■ **Source records**
◇ ◇ ◇ ◇ ◇

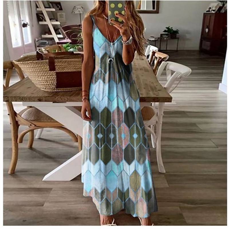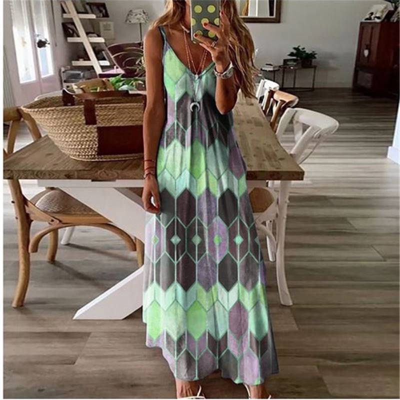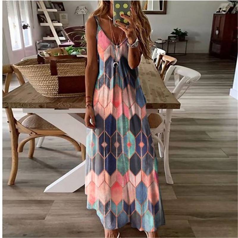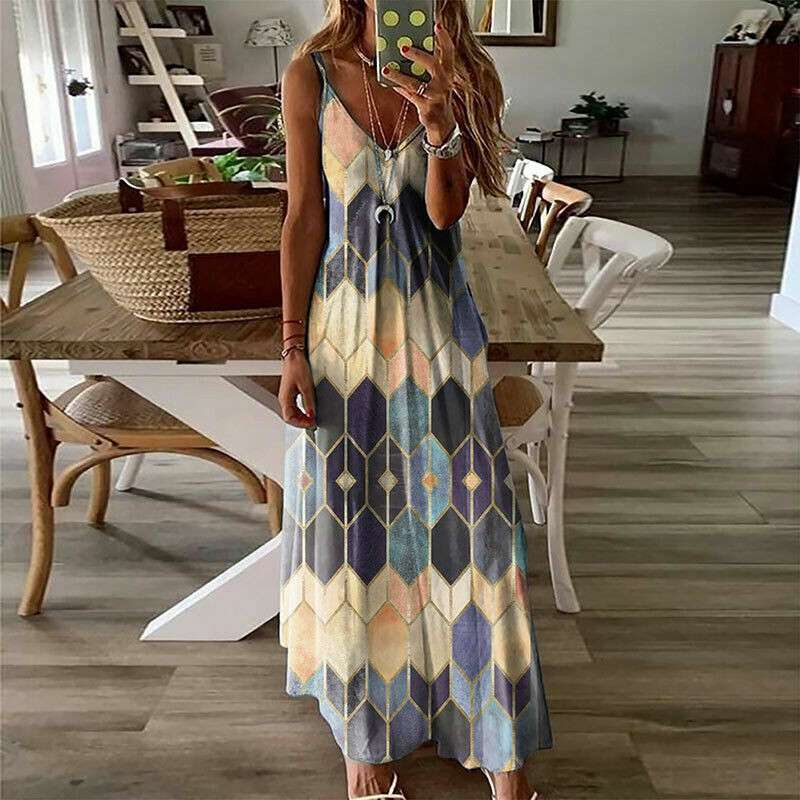 Women Summer Long Dress Ladies Boho Beach Holiday Maxi Dress Size 6-22
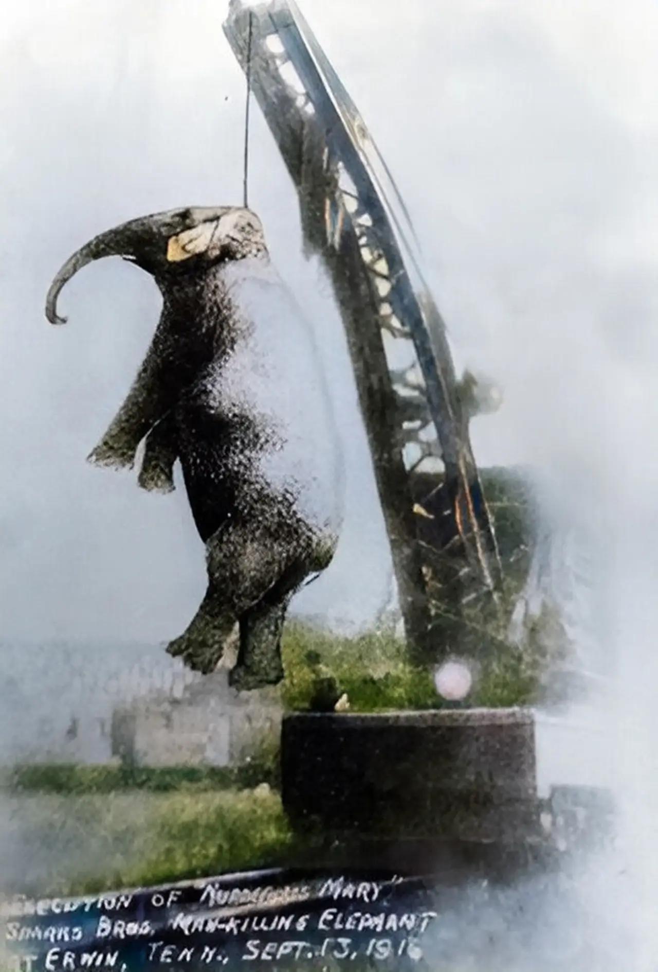 被判死刑的大象!1916年,在起重机的吊钩下,一头5吨重的美国雌性大象被缓缓吊起,大象凄惨的叫声,非但没有唤起人们的怜悯,反而让人群更加兴奋......“杀死它!杀死它!快把它给吊死!” 这成了她最后一场“演出”。 你能想象吗?一头大象被吊死的那一刻,人群不但没有落泪,反而在欢呼。 1916年9月13日,美国田纳西州,一个镇级小地方,却上演了历史上最荒唐、最血腥的“公开处决”。 大象叫玛丽,体重将近五吨。她不是罪犯,更不是怪物,却因为踩死了一个新手驯兽员,被“判了死刑”。 被吊死的那一刻,她发出撕裂般的哀嚎,而围观的两千多人,却像看好莱坞大片一样兴奋得大喊:“吊死它!” 玛丽原本是明星,但也是囚徒。她是一头亚洲象,大约出生在1894年,1898年被送到美国,加入了“斯帕克斯世界著名马戏团”。那个年代,动物表演是美国最火的娱乐之一。 玛丽是台柱子。她能演奏乐器、用鼻子投掷棒球,还能“和人互动”,是查理·斯帕克斯手下最赚钱的动物。她不只是赚钱机器,更是广告牌上的“活招牌”,被吹成“世界最聪明的大象”。 可谁关心她累不累?疼不疼?她每天都要穿州过市地巡演,吃不好、睡不稳,还得听指令。 1916年9月,斯帕克斯马戏团来到了弗吉尼亚州圣保罗镇。因为人手紧张,他们临时招了一个叫沃尔特·“雷德”·埃尔德里奇的流浪汉当驯兽助手。 这个人之前唯一的经验,是当旅馆门卫,连狗都没训过,更别说一头五吨重的大象。 他被安排在玛丽身边,手里还给了他一根带钩的棍子。这玩意儿说白了就是一种“控制工具”,在当时的马戏团常见,用来猛戳大象的耳后、眼角等敏感部位,逼它服从命令。 可没人告诉他,大象不是机器,尤其是玛丽,后来兽医检查发现她牙齿严重感染,长期疼痛很可能让她对刺激格外敏感。 那一天,马戏团正举行街头游行。玛丽看到地上有块西瓜皮,停了下来想吃。埃尔德里奇没经验,也没耐心,直接拿尖钩戳她耳后。 玛丽痛到极点,突然暴怒。她用鼻子卷起他,狠狠甩到地上,再一脚踩碎了他的头。那一刻,现场失控,人群四散奔逃,尖叫声此起彼伏。 这是玛丽第一次,也是最后一次反抗。 事情发生后,马戏团陷入危机,观众不敢再看演出,地方政府和居民要求:“不杀这头象,就别想再开演。” 查理·斯帕克斯面对巨大舆论压力,权衡之后选择“顺从民意”:公开处死玛丽。 这不是法律裁决,也不是道德审判,而是一次赤裸裸的商业决策。他怕影响门票销量,怕媒体炒作,更怕同行抢生意。于是,吊死玛丽,成了一场哗众取宠的“公关表演”。 起初,他们想用枪,但一头成年亚洲象,皮厚如盾,普通子弹根本打不穿。也有人建议用火车碾压,但操作太难,视觉冲击也不够强。 最终,他们决定用最“震撼”的方式:用铁路起重机,把玛丽活生生吊死。 田纳西州埃尔温镇,克林奇菲尔德铁路场,2500人围观。孩子、老人、女人,甚至学校都组织学生来看“吊大象”。 玛丽被铁链套着脖子吊起,可第一次吊升就失败了,链条断裂,她重重摔在地上,髋骨断裂,痛苦不堪。 第二次,他们换了更结实的链子。玛丽再次被吊起,挣扎、哀鸣、四脚乱踢,直到窒息,慢慢安静下来。 整整一个小时,这头曾为人类带来欢笑的大象,被吊死在众目睽睽之下。 她的尸体被就地掩埋,马戏团拍拍屁股走人,继续巡演。 埃尔温镇却因此背上了“吊死大象的城市”这个骂名,100多年都甩不掉。 早在1903年,纽约康尼岛就曾用电椅电死一头叫托普西的大象,还拍成电影卖票。类似事件在20世纪初美国屡见不鲜。那时候,动物不是生命,是“表演工具”,一旦失控,就得“处理掉”。 可问题从来不在动物。 玛丽之死,是一连串管理失败、伦理缺失和社会情绪失控的结果。从雇佣新手,到使用残忍工具,再到忽视医疗,再到最后的“公审”,每一步都是错误。 更讽刺的是,明明是人为失误,最后却让动物承担全部后果。 多年后,埃尔温镇的居民终于开始正视这段历史。 2016年,也就是玛丽被处决整整一百年那年,当地举办纪念活动,拍卖了玛丽雕像,把所得捐给田纳西州的大象庇护所,希望用行动为过去赎罪。 今天,动物表演在很多国家已经被严格限制。美国的多个州已禁止使用野生动物进行商业表演。中国也在加强动物保护立法,鼓励建立更多自然保护区。 人们终于意识到,动物不是娱乐工具,它们也有情绪、有疼痛、有恐惧。 玛丽用生命换来的,不是掌声,是警醒。 娱乐从来不能凌驾于生命之上,文明的底线,必须有一条叫“尊重”。
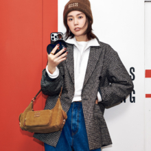 ツイードジャコット¥41,800(プランクプロジェクト/プランクプロジェクト 青山店)ロゴTシャツ¥16,500(アンスクリア/アマン)デニムパンツ¥37,400(アナイ)ネックレス¥132,000リング¥41,800(ともにブランイリス/ブランイリス トーキョー)バッグ¥42,900(メアリオルターナ/デ・プレ)トートバッグ¥15,400(フェイラー)
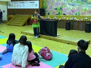 幼児・児童教育学科 幼児保育コースの学生と今野道裕教授が、なかそらち図書館ネットワーク推進事業「おはなしカーニバル」に参加しました
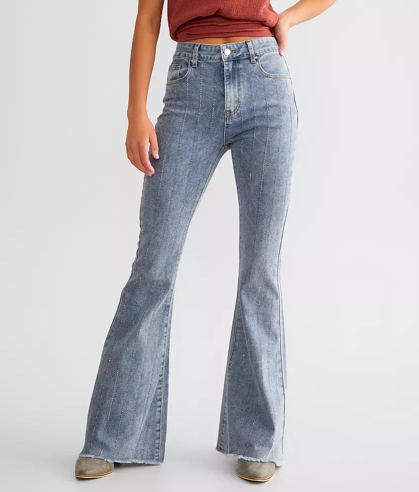 Rhinestone Ultra High Rise Flare Stretch Jean
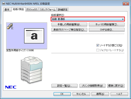 [給紙選択]が[自動]になっていることを確認し、[OK]をクリックします。
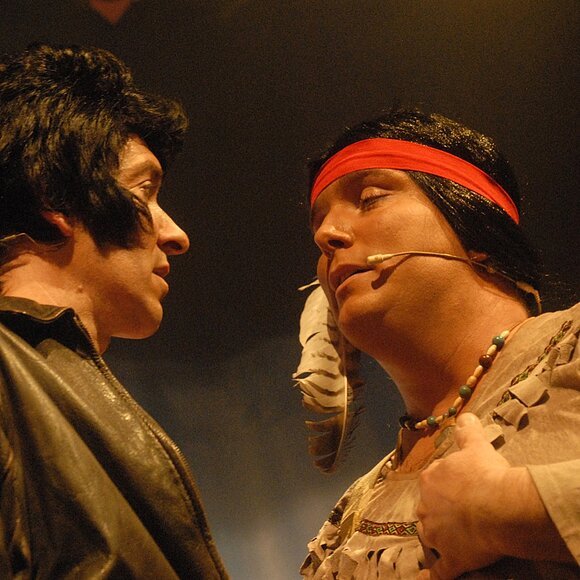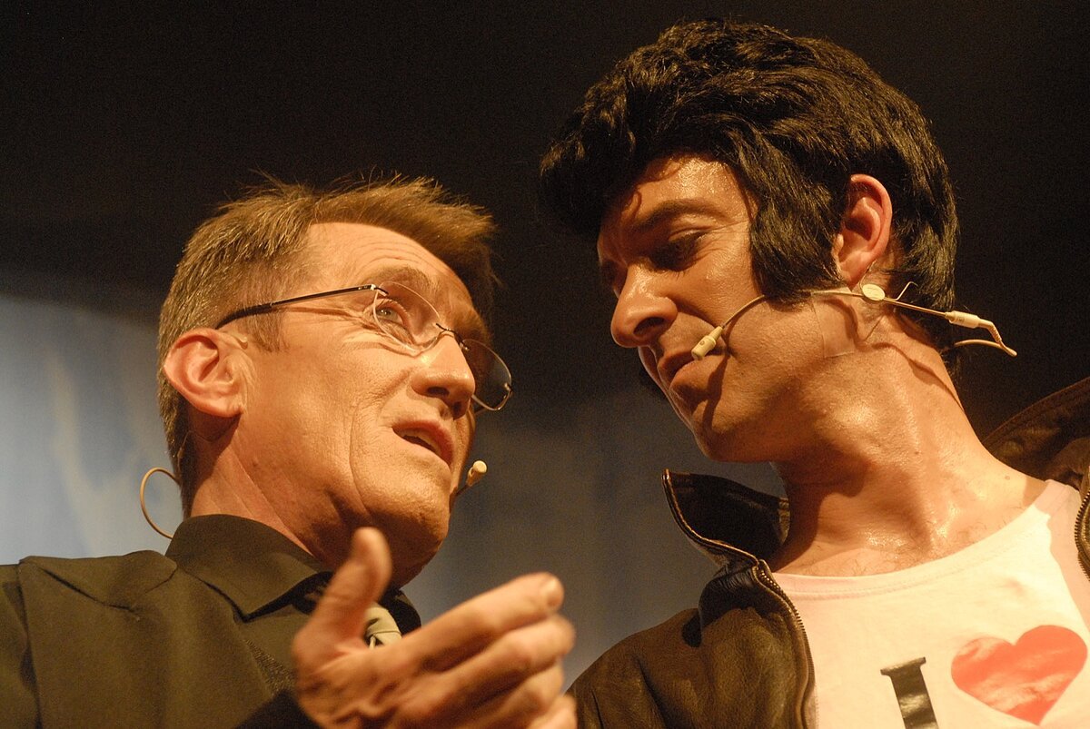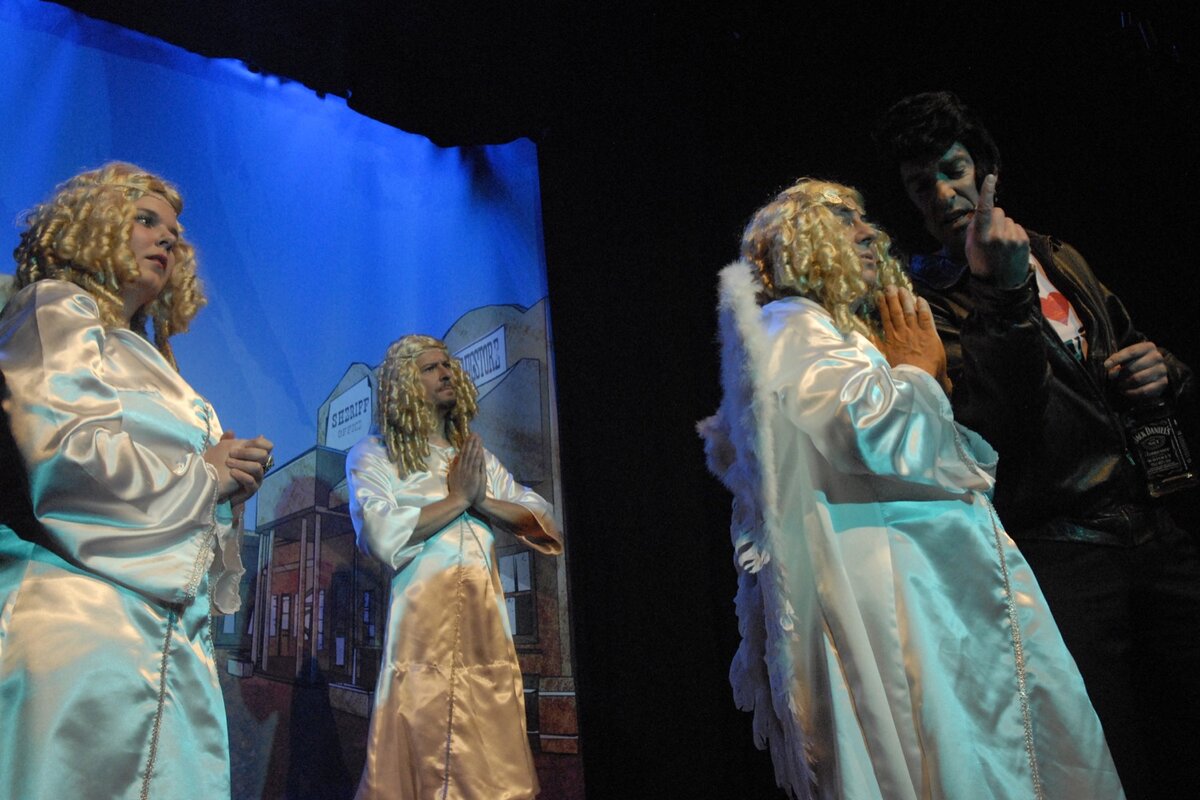 Denn im MuT-Musical „Viva Las Vegas“ aus der Feder von Sisi Wein und mit der unsterblichen Musik von Elvis Presley bekommt letzterer gehörig Ärger mit seinen himmlischen Mitbewohnern, die ihn daraufhin auf die Erde zurückschicken – aber nicht, wie von ihm gewünscht, nach „Las Vegas, sondern in die heruntergekommene Westernstadt „Little Vegas“. Plötzlich befindet sich der King in Gesellschaft der schrulligen Westernstadt-Bewohner und bringt deren Leben und Hormone kräftig durcheinander. Dabei entdeckt so mancher von ihnen mehr Elvis in sich, als er sich jemals vorstellen konnte…
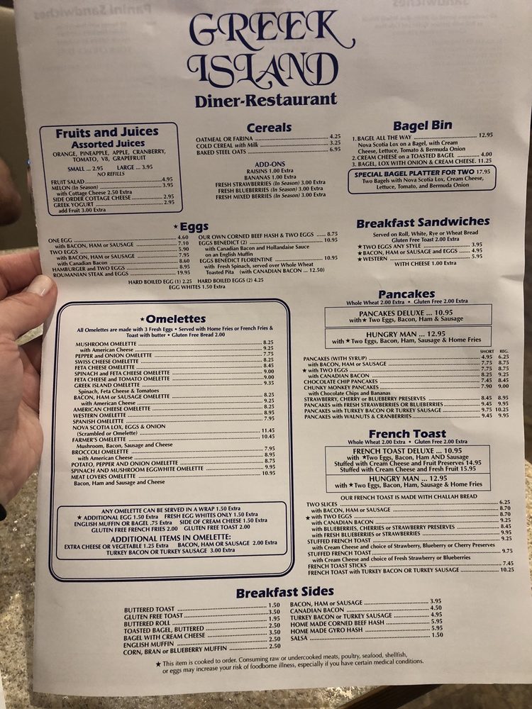 When it comes to main courses, the diner excels with hearty options like Eggplant Parm and a variety of generous breakfast dishes, praised for their freshness and attention to detail. Patrons rave about the warm hospitality and quick service, ensuring a pleasant dining experience. Don't forget to save room for dessert! Indulge in Fruit Pies or satisfying Ice Cream to round off your meal. Whether you're stopping by for a quick bite or a leisurely meal, Greek Island Diner promises deliciousness in every bite.
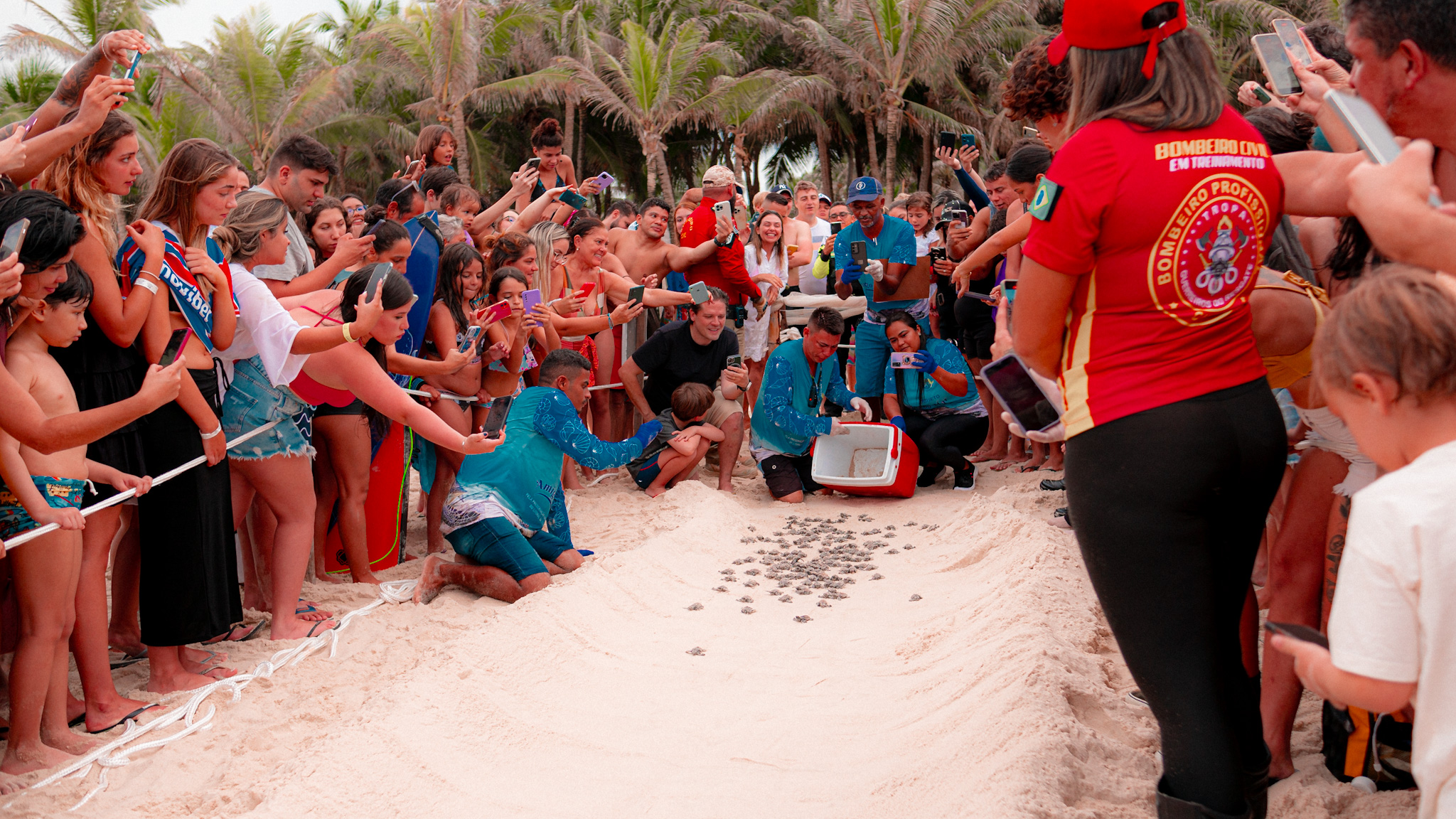 O CEO do Beach Park, Murilo Pascoal, e o secretário de Meio Ambiente de Aquiraz, Humberto Bezerra, entre outras autoridades, estiveram presentes para apoiar a iniciativa. Com a assistência de Bombeiros Civis e do Demutran, os profissionais abriram um caminho na areia para que as tartarugas pudessem seguir até o mar, garantindo um momento seguro e natural para os animais.

◇ ◇ ◇ ◇ ◇

■ **Work request**
Every entry is to be transcribed exactly, but the pictures are to be left out.

■ **Output for this task**
 Women Summer Long Dress Ladies Boho Beach Holiday Maxi Dress Size 6-22
 被判死刑的大象!1916年,在起重机的吊钩下,一头5吨重的美国雌性大象被缓缓吊起,大象凄惨的叫声,非但没有唤起人们的怜悯,反而让人群更加兴奋......“杀死它!杀死它!快把它给吊死!” 这成了她最后一场“演出”。 你能想象吗?一头大象被吊死的那一刻,人群不但没有落泪,反而在欢呼。 1916年9月13日,美国田纳西州,一个镇级小地方,却上演了历史上最荒唐、最血腥的“公开处决”。 大象叫玛丽,体重将近五吨。她不是罪犯,更不是怪物,却因为踩死了一个新手驯兽员,被“判了死刑”。 被吊死的那一刻,她发出撕裂般的哀嚎,而围观的两千多人,却像看好莱坞大片一样兴奋得大喊:“吊死它!” 玛丽原本是明星,但也是囚徒。她是一头亚洲象,大约出生在1894年,1898年被送到美国,加入了“斯帕克斯世界著名马戏团”。那个年代,动物表演是美国最火的娱乐之一。 玛丽是台柱子。她能演奏乐器、用鼻子投掷棒球,还能“和人互动”,是查理·斯帕克斯手下最赚钱的动物。她不只是赚钱机器,更是广告牌上的“活招牌”,被吹成“世界最聪明的大象”。 可谁关心她累不累?疼不疼?她每天都要穿州过市地巡演,吃不好、睡不稳,还得听指令。 1916年9月,斯帕克斯马戏团来到了弗吉尼亚州圣保罗镇。因为人手紧张,他们临时招了一个叫沃尔特·“雷德”·埃尔德里奇的流浪汉当驯兽助手。 这个人之前唯一的经验,是当旅馆门卫,连狗都没训过,更别说一头五吨重的大象。 他被安排在玛丽身边,手里还给了他一根带钩的棍子。这玩意儿说白了就是一种“控制工具”,在当时的马戏团常见,用来猛戳大象的耳后、眼角等敏感部位,逼它服从命令。 可没人告诉他,大象不是机器,尤其是玛丽,后来兽医检查发现她牙齿严重感染,长期疼痛很可能让她对刺激格外敏感。 那一天,马戏团正举行街头游行。玛丽看到地上有块西瓜皮,停了下来想吃。埃尔德里奇没经验,也没耐心,直接拿尖钩戳她耳后。 玛丽痛到极点,突然暴怒。她用鼻子卷起他,狠狠甩到地上,再一脚踩碎了他的头。那一刻,现场失控,人群四散奔逃,尖叫声此起彼伏。 这是玛丽第一次,也是最后一次反抗。 事情发生后,马戏团陷入危机,观众不敢再看演出,地方政府和居民要求:“不杀这头象,就别想再开演。” 查理·斯帕克斯面对巨大舆论压力,权衡之后选择“顺从民意”:公开处死玛丽。 这不是法律裁决,也不是道德审判,而是一次赤裸裸的商业决策。他怕影响门票销量,怕媒体炒作,更怕同行抢生意。于是,吊死玛丽,成了一场哗众取宠的“公关表演”。 起初,他们想用枪,但一头成年亚洲象,皮厚如盾,普通子弹根本打不穿。也有人建议用火车碾压,但操作太难,视觉冲击也不够强。 最终,他们决定用最“震撼”的方式:用铁路起重机,把玛丽活生生吊死。 田纳西州埃尔温镇,克林奇菲尔德铁路场,2500人围观。孩子、老人、女人,甚至学校都组织学生来看“吊大象”。 玛丽被铁链套着脖子吊起,可第一次吊升就失败了,链条断裂,她重重摔在地上,髋骨断裂,痛苦不堪。 第二次,他们换了更结实的链子。玛丽再次被吊起,挣扎、哀鸣、四脚乱踢,直到窒息,慢慢安静下来。 整整一个小时,这头曾为人类带来欢笑的大象,被吊死在众目睽睽之下。 她的尸体被就地掩埋,马戏团拍拍屁股走人,继续巡演。 埃尔温镇却因此背上了“吊死大象的城市”这个骂名,100多年都甩不掉。 早在1903年,纽约康尼岛就曾用电椅电死一头叫托普西的大象,还拍成电影卖票。类似事件在20世纪初美国屡见不鲜。那时候,动物不是生命,是“表演工具”,一旦失控,就得“处理掉”。 可问题从来不在动物。 玛丽之死,是一连串管理失败、伦理缺失和社会情绪失控的结果。从雇佣新手,到使用残忍工具,再到忽视医疗,再到最后的“公审”,每一步都是错误。 更讽刺的是,明明是人为失误,最后却让动物承担全部后果。 多年后,埃尔温镇的居民终于开始正视这段历史。 2016年,也就是玛丽被处决整整一百年那年,当地举办纪念活动,拍卖了玛丽雕像,把所得捐给田纳西州的大象庇护所,希望用行动为过去赎罪。 今天,动物表演在很多国家已经被严格限制。美国的多个州已禁止使用野生动物进行商业表演。中国也在加强动物保护立法,鼓励建立更多自然保护区。 人们终于意识到,动物不是娱乐工具,它们也有情绪、有疼痛、有恐惧。 玛丽用生命换来的,不是掌声,是警醒。 娱乐从来不能凌驾于生命之上,文明的底线,必须有一条叫“尊重”。
 ツイードジャコット¥41,800(プランクプロジェクト/プランクプロジェクト 青山店)ロゴTシャツ¥16,500(アンスクリア/アマン)デニムパンツ¥37,400(アナイ)ネックレス¥132,000リング¥41,800(ともにブランイリス/ブランイリス トーキョー)バッグ¥42,900(メアリオルターナ/デ・プレ)トートバッグ¥15,400(フェイラー)
 幼児・児童教育学科 幼児保育コースの学生と今野道裕教授が、なかそらち図書館ネットワーク推進事業「おはなしカーニバル」に参加しました
 Rhinestone Ultra High Rise Flare Stretch Jean
 [給紙選択]が[自動]になっていることを確認し、[OK]をクリックします。
 Denn im MuT-Musical „Viva Las Vegas“ aus der Feder von Sisi Wein und mit der unsterblichen Musik von Elvis Presley bekommt letzterer gehörig Ärger mit seinen himmlischen Mitbewohnern, die ihn daraufhin auf die Erde zurückschicken – aber nicht, wie von ihm gewünscht, nach „Las Vegas, sondern in die heruntergekommene Westernstadt „Little Vegas“. Plötzlich befindet sich der King in Gesellschaft der schrulligen Westernstadt-Bewohner und bringt deren Leben und Hormone kräftig durcheinander. Dabei entdeckt so mancher von ihnen mehr Elvis in sich, als er sich jemals vorstellen konnte…
 When it comes to main courses, the diner excels with hearty options like Eggplant Parm and a variety of generous breakfast dishes, praised for their freshness and attention to detail. Patrons rave about the warm hospitality and quick service, ensuring a pleasant dining experience. Don't forget to save room for dessert! Indulge in Fruit Pies or satisfying Ice Cream to round off your meal. Whether you're stopping by for a quick bite or a leisurely meal, Greek Island Diner promises deliciousness in every bite.
 O CEO do Beach Park, Murilo Pascoal, e o secretário de Meio Ambiente de Aquiraz, Humberto Bezerra, entre outras autoridades, estiveram presentes para apoiar a iniciativa. Com a assistência de Bombeiros Civis e do Demutran, os profissionais abriram um caminho na areia para que as tartarugas pudessem seguir até o mar, garantindo um momento seguro e natural para os animais.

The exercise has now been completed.